Look below for the line containing "Be the first"; from there through the line containing "Binghatti Creek is", both lines included, please set down each line exactly and nothing else.

• Records shown
● ● ● ● ● ● ●

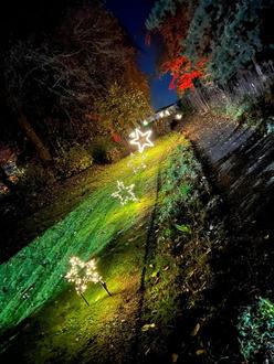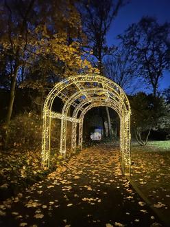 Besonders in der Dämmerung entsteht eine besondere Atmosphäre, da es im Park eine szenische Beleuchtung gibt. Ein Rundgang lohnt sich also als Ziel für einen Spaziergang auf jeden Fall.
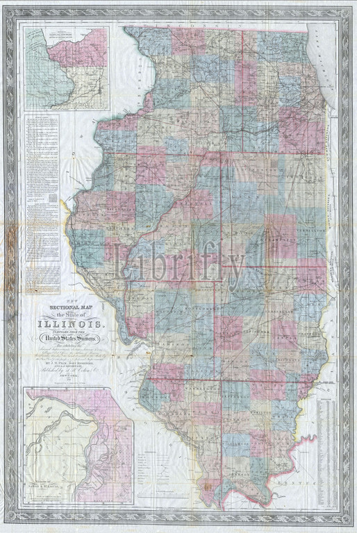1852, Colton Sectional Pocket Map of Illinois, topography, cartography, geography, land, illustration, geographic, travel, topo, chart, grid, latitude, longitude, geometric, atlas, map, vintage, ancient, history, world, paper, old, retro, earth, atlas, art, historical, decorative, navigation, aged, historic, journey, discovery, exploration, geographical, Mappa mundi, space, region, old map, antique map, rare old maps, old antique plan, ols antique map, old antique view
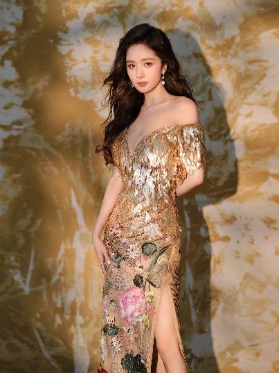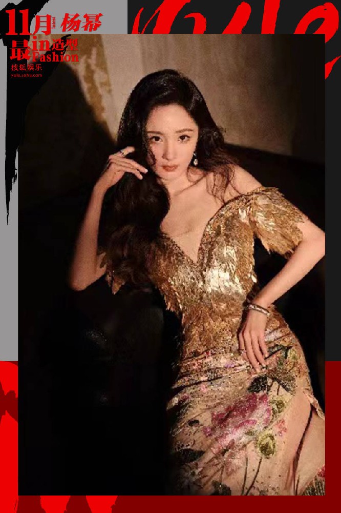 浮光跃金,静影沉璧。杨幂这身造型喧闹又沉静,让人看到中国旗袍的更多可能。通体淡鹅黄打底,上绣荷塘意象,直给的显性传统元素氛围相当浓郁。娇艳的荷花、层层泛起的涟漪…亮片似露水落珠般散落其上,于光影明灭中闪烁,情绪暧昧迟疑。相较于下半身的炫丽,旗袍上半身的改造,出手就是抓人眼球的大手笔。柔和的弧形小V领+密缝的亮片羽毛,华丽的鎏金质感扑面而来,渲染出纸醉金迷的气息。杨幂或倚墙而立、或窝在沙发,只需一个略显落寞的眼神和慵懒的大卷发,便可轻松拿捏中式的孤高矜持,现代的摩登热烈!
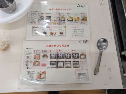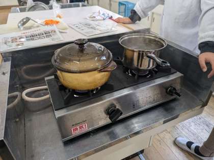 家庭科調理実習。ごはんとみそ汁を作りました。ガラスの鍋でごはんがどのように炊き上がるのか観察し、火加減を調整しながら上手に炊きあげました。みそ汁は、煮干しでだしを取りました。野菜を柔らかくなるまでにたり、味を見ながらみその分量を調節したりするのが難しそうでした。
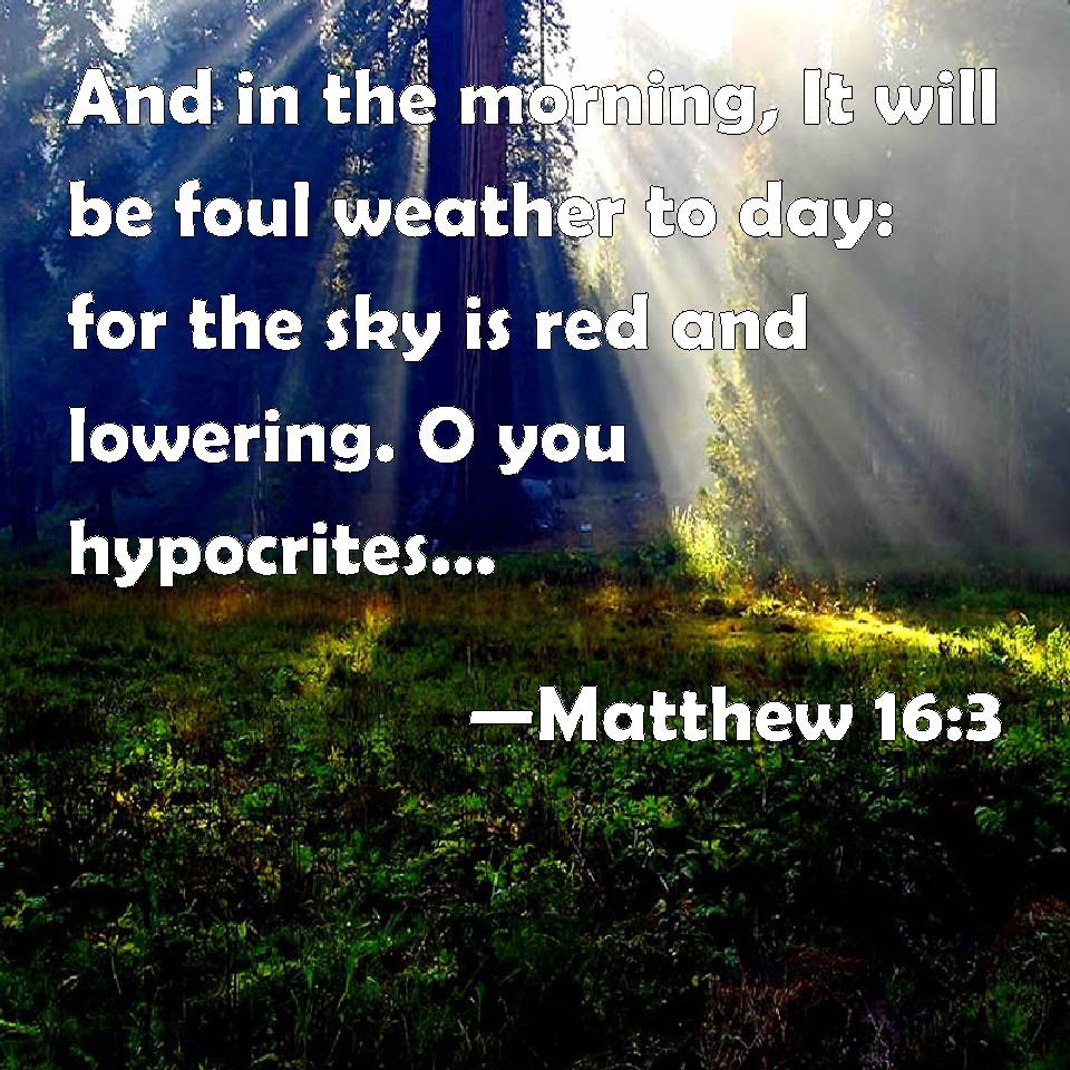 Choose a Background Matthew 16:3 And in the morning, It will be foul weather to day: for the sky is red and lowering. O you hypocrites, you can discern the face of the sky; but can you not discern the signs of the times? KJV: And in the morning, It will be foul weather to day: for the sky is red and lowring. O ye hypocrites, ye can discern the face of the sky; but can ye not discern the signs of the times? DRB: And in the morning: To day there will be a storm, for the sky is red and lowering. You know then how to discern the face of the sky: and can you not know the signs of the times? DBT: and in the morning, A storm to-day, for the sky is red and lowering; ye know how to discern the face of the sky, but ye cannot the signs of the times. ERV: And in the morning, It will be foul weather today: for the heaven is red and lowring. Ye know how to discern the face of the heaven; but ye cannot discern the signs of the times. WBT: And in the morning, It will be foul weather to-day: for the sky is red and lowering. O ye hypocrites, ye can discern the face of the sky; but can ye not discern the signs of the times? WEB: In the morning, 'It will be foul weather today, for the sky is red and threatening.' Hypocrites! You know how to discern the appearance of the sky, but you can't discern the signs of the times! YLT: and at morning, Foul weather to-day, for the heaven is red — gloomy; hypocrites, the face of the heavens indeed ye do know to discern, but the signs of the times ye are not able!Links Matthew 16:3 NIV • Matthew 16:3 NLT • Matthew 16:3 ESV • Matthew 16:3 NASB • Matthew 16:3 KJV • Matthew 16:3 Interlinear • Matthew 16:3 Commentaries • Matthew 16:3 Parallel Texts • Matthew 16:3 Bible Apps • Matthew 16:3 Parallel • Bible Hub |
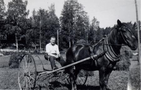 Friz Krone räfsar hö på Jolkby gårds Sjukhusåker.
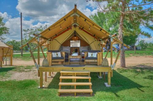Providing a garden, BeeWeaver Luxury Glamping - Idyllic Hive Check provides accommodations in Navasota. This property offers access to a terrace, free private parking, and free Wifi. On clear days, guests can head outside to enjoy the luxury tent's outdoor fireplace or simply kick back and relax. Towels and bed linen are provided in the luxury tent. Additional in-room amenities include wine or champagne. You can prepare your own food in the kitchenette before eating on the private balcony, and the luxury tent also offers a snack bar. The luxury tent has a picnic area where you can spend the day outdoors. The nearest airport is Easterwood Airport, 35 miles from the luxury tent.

● ● ● ● ● ● ●

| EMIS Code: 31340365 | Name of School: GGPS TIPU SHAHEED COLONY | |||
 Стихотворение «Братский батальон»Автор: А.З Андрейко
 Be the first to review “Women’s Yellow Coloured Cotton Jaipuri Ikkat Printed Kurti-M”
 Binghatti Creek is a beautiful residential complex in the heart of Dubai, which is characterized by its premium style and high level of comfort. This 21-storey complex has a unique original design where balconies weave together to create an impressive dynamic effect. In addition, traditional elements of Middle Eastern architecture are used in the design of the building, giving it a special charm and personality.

● ● ● ● ● ● ●

• Exercise response
 Be the first to review “Women’s Yellow Coloured Cotton Jaipuri Ikkat Printed Kurti-M”
 Binghatti Creek is a beautiful residential complex in the heart of Dubai, which is characterized by its premium style and high level of comfort. This 21-storey complex has a unique original design where balconies weave together to create an impressive dynamic effect. In addition, traditional elements of Middle Eastern architecture are used in the design of the building, giving it a special charm and personality.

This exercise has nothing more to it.